[proofplan]
We give the von Neumann proof using Hilbert space theory. First reduce to the finite case by exhausting $X$ into sets of finite $(\mu + \nu)$-measure. On each finite piece, the functional $\varphi \mapsto \int \varphi \, d\nu$ is a bounded linear functional on $L^2(\mu + \nu)$, so the Riesz Representation Theorem provides a function $g$ with $\int \varphi \, d\nu = \int \varphi g \, d(\mu + \nu)$. We show $0 \le g < 1$ $(\mu + \nu)$-a.e. using absolute continuity, then algebraically extract the Radon-Nikodym derivative as $f = g/(1 - g)$. The passage from finite to $\sigma$-finite uses monotone convergence. Uniqueness follows from the standard null-set argument.
[/proofplan]
[step:Reduce to the case where $\mu$ and $\nu$ are both finite measures]
Since $\mu$ and $\nu$ are $\sigma$-finite, there exist sequences $(A_k)_{k=1}^\infty$ and $(B_k)_{k=1}^\infty$ in $\mathcal{A}$ with $A_k \uparrow X$, $\mu(A_k) < \infty$, and $B_k \uparrow X$, $\nu(B_k) < \infty$. Define $X_k := A_k \cap B_k$. Then $X_k \uparrow X$, $\mu(X_k) < \infty$, and $\nu(X_k) < \infty$.
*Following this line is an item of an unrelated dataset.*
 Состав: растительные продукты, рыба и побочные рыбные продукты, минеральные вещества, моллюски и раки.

If we can prove the theorem for the finite measures $\mu_k := \mu|_{X_k}$ and $\nu_k := \nu|_{X_k}$ on the measurable space $(X_k, \mathcal{A} \cap X_k)$, we will extend to the $\sigma$-finite case in the final step. The condition $\nu_k \ll \mu_k$ is inherited: if $A \in \mathcal{A}$ satisfies $\mu_k(A) = \mu(A \cap X_k) = 0$, then $\nu_k(A) = \nu(A \cap X_k) = 0$ since $\nu \ll \mu$.
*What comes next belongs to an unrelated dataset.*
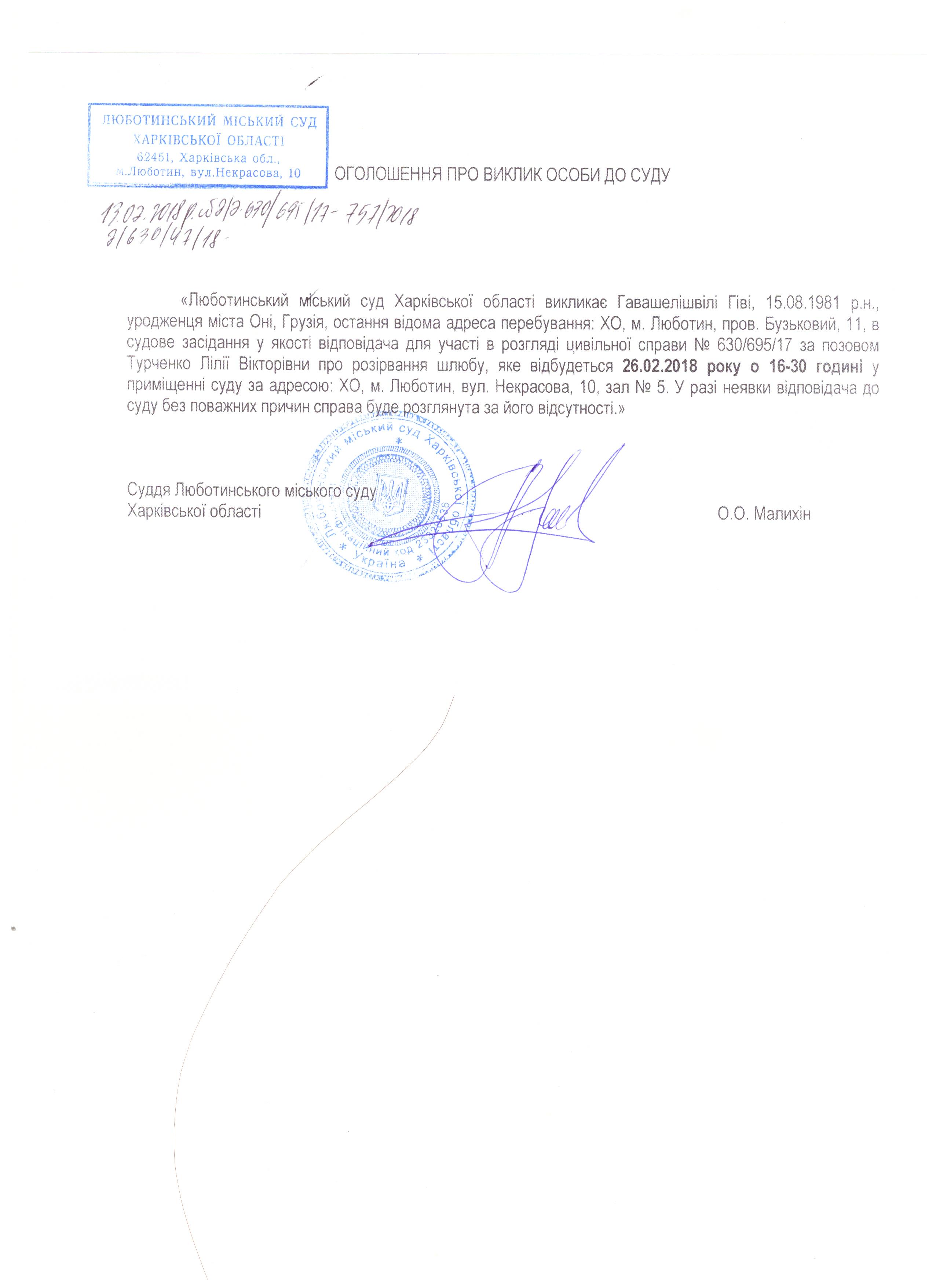 Оголошення про виклик до суду Гавашелішвілі Гіві на 26.02.2018 на 16:30

For the remainder of the proof, we assume $\mu(X) < \infty$ and $\nu(X) < \infty$, and we construct $f$ on this finite measure space. The extension to the $\sigma$-finite case is carried out in the final step.
[guided]
The reduction to finite measures is standard in measure theory. The point is that Hilbert space arguments (specifically the Riesz Representation Theorem) require finite measures to ensure that constant functions are square-integrable. If $\mu(X) = \infty$, then $\mathbb{1}_X \notin L^2(\mu)$, and the functional we construct would not be bounded on $L^2$.
The construction $X_k = A_k \cap B_k$ ensures that both $\mu$ and $\nu$ are simultaneously finite on $X_k$. This is necessary because we will work with the combined measure $\mu + \nu$, which must also be finite.
[/guided]
[/step]
[step:Construct the linear functional on $L^2(X, \mathcal{A}, \mu + \nu)$ and apply the Riesz Representation Theorem]
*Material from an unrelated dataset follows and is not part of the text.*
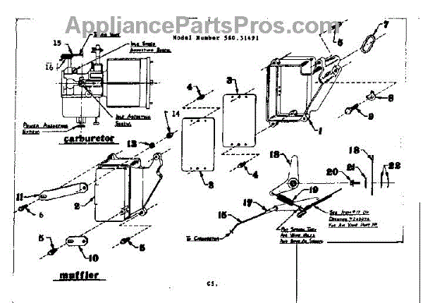 Parts for Craftsman 58031491: Muffler Assembly Parts

Define the finite measure $\sigma := \mu + \nu$ on $(X, \mathcal{A})$. Since $\sigma(X) = \mu(X) + \nu(X) < \infty$, the space $L^2(X, \mathcal{A}, \sigma)$ is a Hilbert space with inner product:
\begin{align*}
(\varphi, \psi)_{L^2(\sigma)} := \int_X \varphi \psi \, d\sigma.
\end{align*}
Define the linear functional:
\begin{align*}
\Lambda: L^2(X, \mathcal{A}, \sigma) &\to \mathbb{R}, \quad \varphi \mapsto \int_X \varphi \, d\nu.
\end{align*}
We verify $\Lambda$ is well-defined and bounded. For any $\varphi \in L^2(\sigma)$, the Cauchy-Schwarz inequality for the measure $\sigma$ gives:
\begin{align*}
|\Lambda(\varphi)| = \left|\int_X \varphi \, d\nu\right| \le \int_X |\varphi| \, d\nu \le \int_X |\varphi| \, d\sigma.
\end{align*}
Applying the Cauchy-Schwarz inequality with respect to $\sigma$ to the pair $|\varphi|$ and $\mathbb{1}_X$ in $L^2(\sigma)$:
\begin{align*}
\int_X |\varphi| \, d\sigma = \int_X |\varphi| \cdot 1 \, d\sigma \le \left(\int_X |\varphi|^2 \, d\sigma\right)^{1/2} \left(\int_X 1 \, d\sigma\right)^{1/2} = \|\varphi\|_{L^2(\sigma)} \cdot \sigma(X)^{1/2}.
\end{align*}
Therefore $|\Lambda(\varphi)| \le \sigma(X)^{1/2} \|\varphi\|_{L^2(\sigma)}$, so $\Lambda$ is a bounded linear functional with $\|\Lambda\| \le \sigma(X)^{1/2}$.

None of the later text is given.